Starting at the line that contains "Blurred shapes melted", return every line through the end of the data exactly, without pictures.

---------- Task inputs ----------

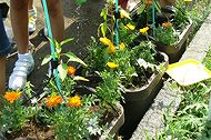 | 6月29日に京都市立紫竹小学校(5年生のクラス)で4回目の花育活動を行いました。 教室で食物連鎖の紙芝居、京野菜のお話し、今日の鉢植えのし方を説明した後、学校の花壇に移動して、実際に土・肥料入れから万願寺とうがらしの苗、虫除けを兼ねたマリーゴールド、おしゃれなヘデラを植えて水やりまでを行いました。 教室では花育スタッフの質問にたくさん手を挙げて発言してくれて、鉢植えも真剣に、教えた通りにがんばってもらい、紫竹小学校5年生のみんなに元気をいっぱいもらいました。 |
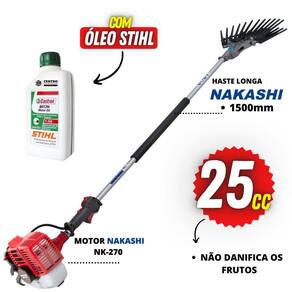 Itens Inclusos: 1 Haste Profissional Nakashi, 1Kit Derriçador Nakashi KD 257-D, 1 Motor Nakashi NK 270, 1Manual de Instrução e 1 Óleo Stihl.
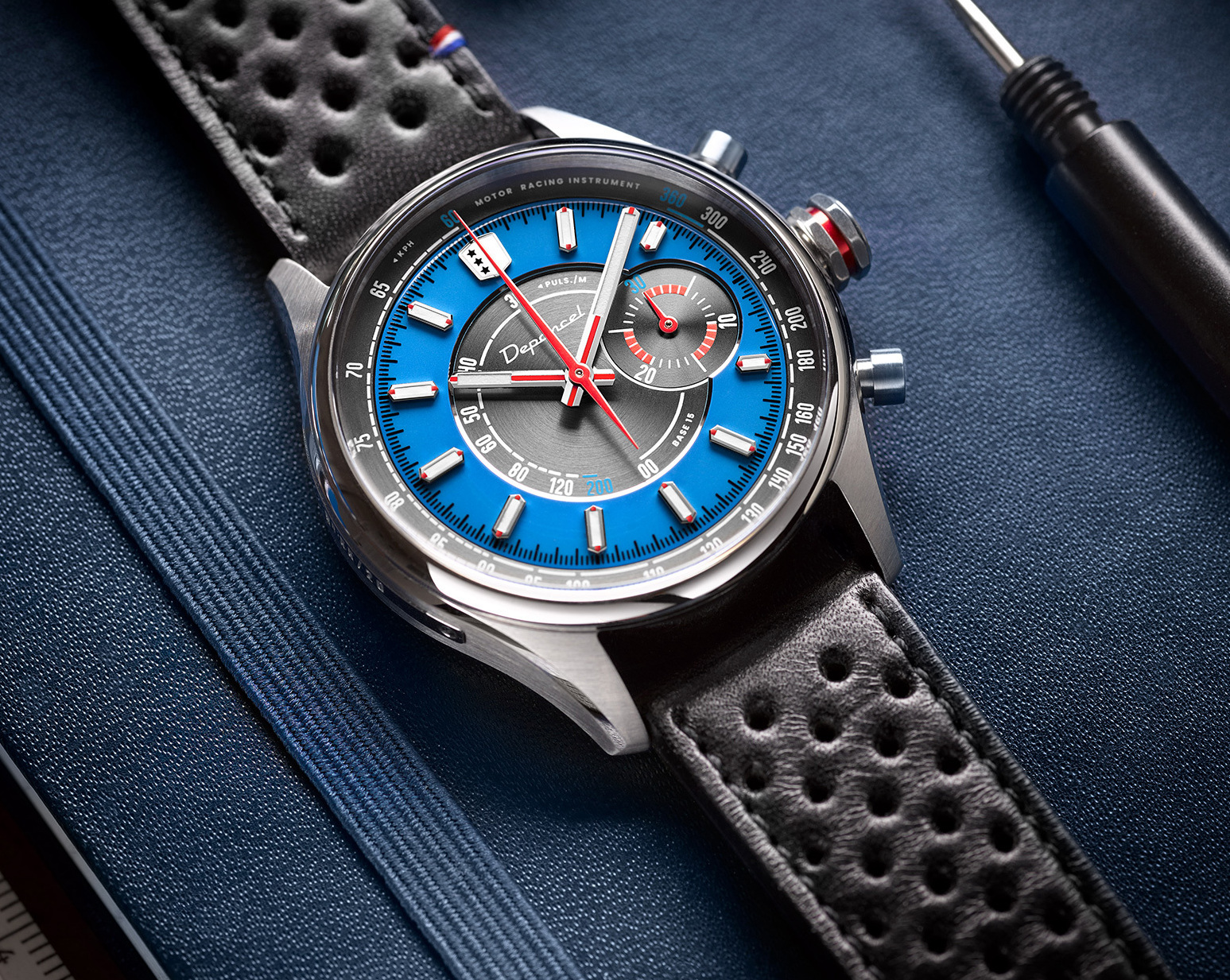 “Allure Valjoux 92 Bleu de France” il movimento Valjoux 92, famoso in passato per il pignone oscillante, rivive nel nuovo orologio di Depancel (17 rubini e ruota a colonne); sul quadrante oltre ai colori “France Racing Blue” che distinguevano le automobili da corsa, a partire dalle famose Bugatti, un’accurata finitura a testimonianza di un attaccamento alle tradizioni artigianali dell’orologeria. La cassa ø 36 mm, in acciaio 316L accoglie un movimento manuale A/h 18.000 con una riserva di carica di circa 30 ore, restaurato e ottimizzato con la ruota a colonne, dai Maestri orologiai di Depancel. Questo orologio “seconda mano”, garantendo fluidità e precisione del movimento cronografico, sarà senz’altro apprezzato da chi ama gli orologi Vintage.
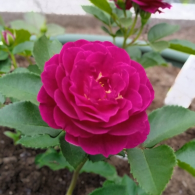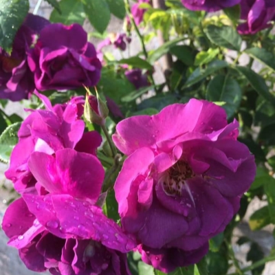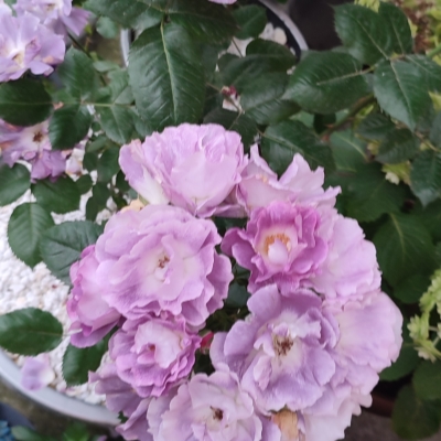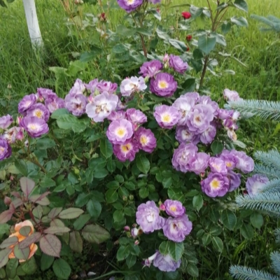 Комментарий: Данный куст отдала мне соседка, которая решила переехать из загородного дома в квартиру. Внешне цветы выглядят не как классические розы, а из-за лилового оттенка далёкие от цветоводства люди путают их с анютиными глазками.
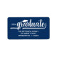 Les étiquettes d'adresse de retour bleu élégant comportent un casquette de grade, votre année de classe, le mot "Graduate" en lettres blanches chic, ainsi que votre nom et adresse. La touche parfaite à vos invitations à l'obtention de votre diplôme, annonces et autres envois. CORRESPONDANCE d'objets dans notre collection.
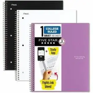 Wire-bound notebook features durable, water-resistant covers to keep your notes protected all year long. College-ruled, high-quality paper resists ink bleed to help keep your writing legible. Neat sheet pages are perforated for clean, consistent removal. Spiral lock wire prevents the coil from snagging onto your clothing or backpack. Reinforced storage pocket help prevent tears and offers convenient storage for your loose papers.
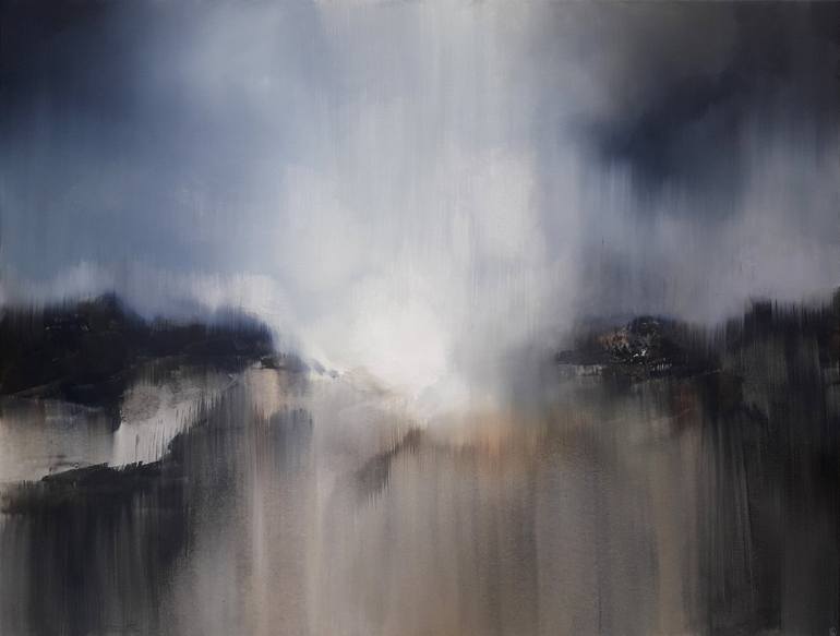 Blurred shapes melted in light appear like cliffs floating between the sky and the earth. I relied on a simple representation of the landscape to formalize the idea of a nature free from accidents, appearing as frozen for eternity. I like to paint a kind of atmosphere with the presence of a diffuse ...
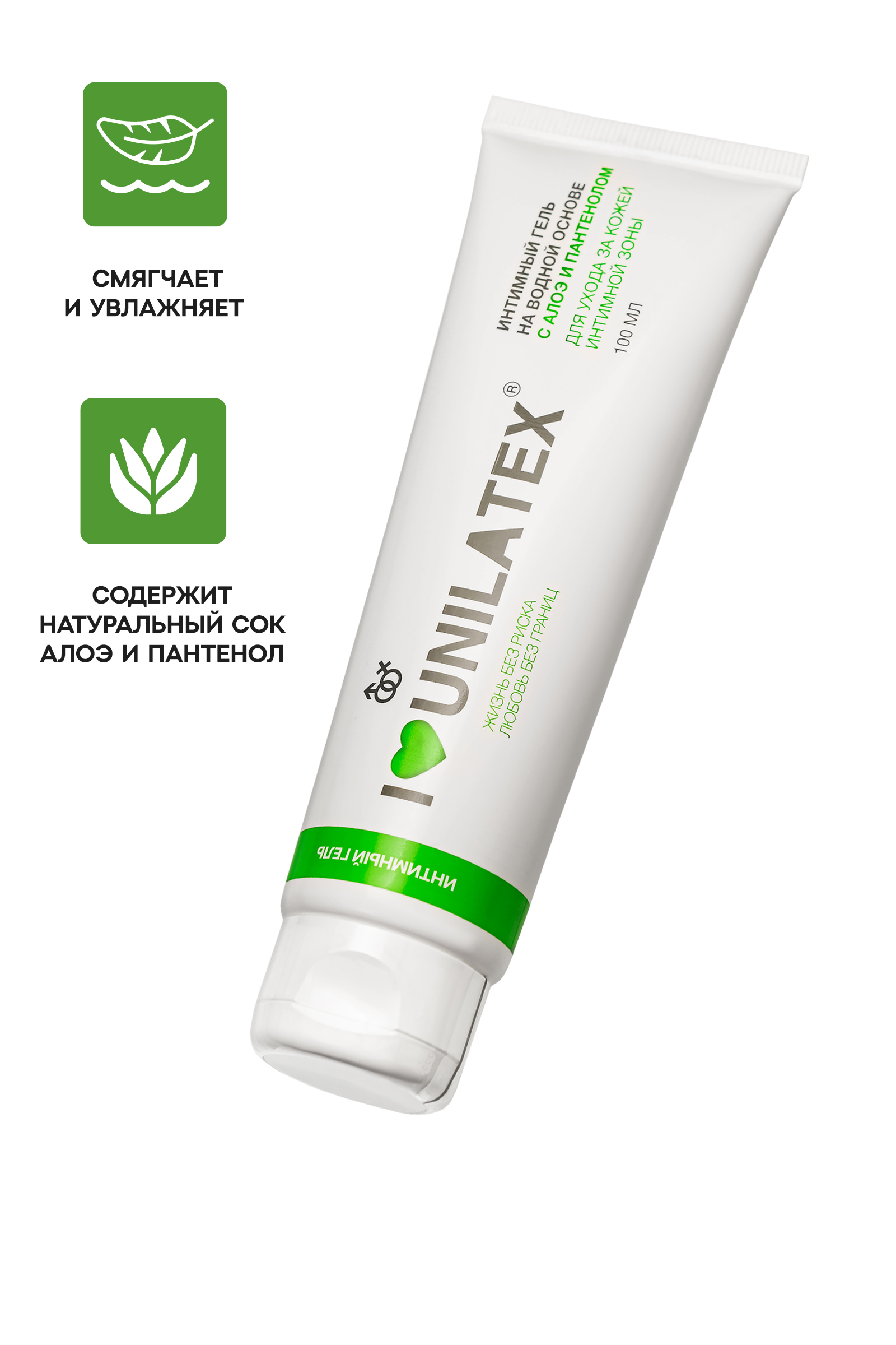 Интимный гель на водной основе Unilatex Gel Aloe Vera + Vitamin E. Содержит натуральный сок Алое. Не имеет запаха. Совместим со всеми видами латексных изделий. Гипоалергенный, растворим в воде, не оставляет пятен, не содержит токсичных компонентов, без пузырьков воздуха. Комплекс Алое Вера+Витамин Е оказывает смягчающее и восстанавливающее действие на кожу. Состав: Aqua, Glycerin, Propylene Glycol, Aloe Barbadensis Leaf Juice, Hydroxyethylcellulose, Panthenol, Sodium Acrylate/Sodium Acryloyldimethyl Taurate/Acrylamide Copolymer, Sodium Methylparaben, Silver Citrate, Citric Acid, Parfum.

----------

= Written solution =
 Blurred shapes melted in light appear like cliffs floating between the sky and the earth. I relied on a simple representation of the landscape to formalize the idea of a nature free from accidents, appearing as frozen for eternity. I like to paint a kind of atmosphere with the presence of a diffuse ...
 Интимный гель на водной основе Unilatex Gel Aloe Vera + Vitamin E. Содержит натуральный сок Алое. Не имеет запаха. Совместим со всеми видами латексных изделий. Гипоалергенный, растворим в воде, не оставляет пятен, не содержит токсичных компонентов, без пузырьков воздуха. Комплекс Алое Вера+Витамин Е оказывает смягчающее и восстанавливающее действие на кожу. Состав: Aqua, Glycerin, Propylene Glycol, Aloe Barbadensis Leaf Juice, Hydroxyethylcellulose, Panthenol, Sodium Acrylate/Sodium Acryloyldimethyl Taurate/Acrylamide Copolymer, Sodium Methylparaben, Silver Citrate, Citric Acid, Parfum.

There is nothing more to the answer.